In fashioning a sanction, the board observed that there was little jurisprudence involving violations of Rules 5.3 and 5.5. It cited In re: Tosh, 99-1972 (La.9/3/99), 743 So.2d 197, in which the respondent was disbarred for numerous professional violations including failure to supervise a nonlawyer employee. While the board did not find that respondent's conduct in the instant case was as egregious as in Tosh, it concluded a longer sanction than that recommended by the hearing committee was justified. Accordingly, the board recommended respondent be suspended for a period of two years. One member dissented, indicating disbarment should be imposed.
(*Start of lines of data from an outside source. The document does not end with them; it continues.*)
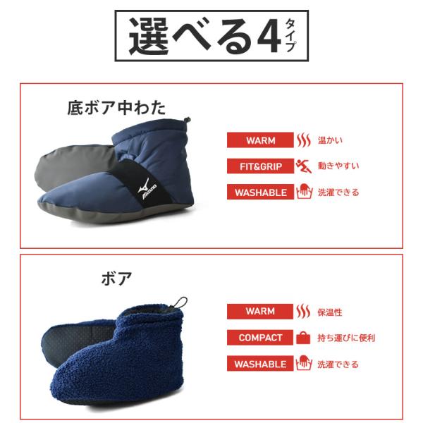 ミズノ MIZUNO ルームシューズ ロング丈 メンズ レディース 中わた ボア 撥水 軽量 暖か スリッパ テントシューズ キャンプ 洗濯できる セール 爆買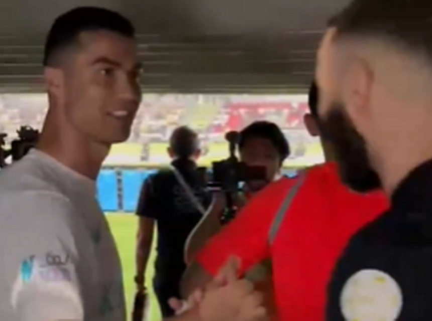 Prije početka meča Ronaldo je bio u ugodnom razgovoru sa nekadašnjim saigračem iz madridskog Reala Karimom Benzemom.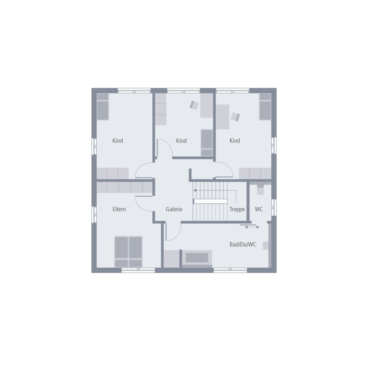 Als wahres Raumwunder entpuppt sich die Stadtvilla 21. Auf einer Wohnfläche von knapp 190 m2 finden hier Familien mit bis zu drei Kindern Platz – und haben sogar noch Gelegenheit, Schlafgästen einen eigenen Raum zur Verfügung zu stellen oder sich alternativ ein Büro oder einen Hobbyraum einzurichten. Durch die freundliche und helle Diele führt der Weg direkt in den Wohn-Ess-Kochbereich, der das perfekte Zentrum des Familienlebens ist. Komplettiert wird das Angebot im Erdgeschoss durch ein Gästezimmer, WC, Hauswirtschaftsraum sowie eine Abstellkammer. Die obere Etage ist so konzipiert, dass dort verschiedene Nutzungsmöglichkeiten denkbar sind: Neben dem Elternschlafzimmer und einem 15 m2 großen Bad mit separatem Toilettenbereich befinden sich dort drei weitere Zimmer. Hier finden drei Kinder Platz, es besteht aber auch die Option, dass einer der drei Räume als Spielzimmer fungiert.

Neither respondent nor the ODC filed an objection in this court to the disciplinary board's recommendation; however, pursuant to Supreme Court Rule XIX, § 11(G)(1)(a), this court ordered the parties to submit written briefs within twenty days, addressing the appropriateness of the proposed sanction. The court's order particularly directed the parties to address the applicability of Louisiana State Bar Ass'n v. Edwins, 540 So.2d 294 (La.1989). The ODC filed a brief, arguing in favor of disbarment; respondent filed no brief.
DISCUSSION
The record supports the hearing committee's factual determination that respondent violated Rules 5.3, 5.5, 8.4(a) and 8.4(c) of the Rules of Professional Conduct. In particular, the undisputed evidence establishes that respondent aided Mr. Matthews in his unauthorized practice of law and that he failed to make any effort to supervise Mr. Matthews.
In Louisiana State Bar Ass'n v. Edwins, 540 So.2d 294, 299 (La.1989), we interpreted Disciplinary Rule 3-101(A), the predecessor to Rules 5.3 and 5.5, and explained the dangers inherent in the delegation of a lawyer's professional responsibility to non-lawyer assistants:
The condemnation of the unauthorized practice of law is designed to protect the public from legal services by persons unskilled in the law. The prohibition of lay intermediaries is intended to insure the loyalty of the lawyer to the client unimpaired by intervening and possibly conflicting interests. Cheatham, Availability of Legal Services: The Responsibility of the Individual Lawyer and of the Organized Bar, 12 UCLA Rev. 438, 439 (1965). A lawyer can employ lay secretaries, lay investigators, lay detectives, lay researchers, accountants, lay scriveners, nonlawyer draftsmen or nonlawyer researchers. In fact, he may employ nonlawyers to do any task for him except counsel clients about law *328 matters, engage directly in the practice of law, appear in court or appear in formal proceedings as part of the judicial process, so long as it is he who takes the work and vouches for it to the client and becomes responsible to the client. ABA Comm. on Professional Ethics, Op. 316 (1967).
The facts of Edwins are somewhat similar to the instant case. Rallie Edwins, a Baton Rouge attorney, entered into an arrangement with a paralegal, Rob Robertson, to use Mr. Robertson's paralegal's office in New Iberia as Mr. Edwin's branch law office. Mr. Robertson apparently met with a personal injury client, William Livingston, and led Mr. Livingston to believe he was an attorney. Mr.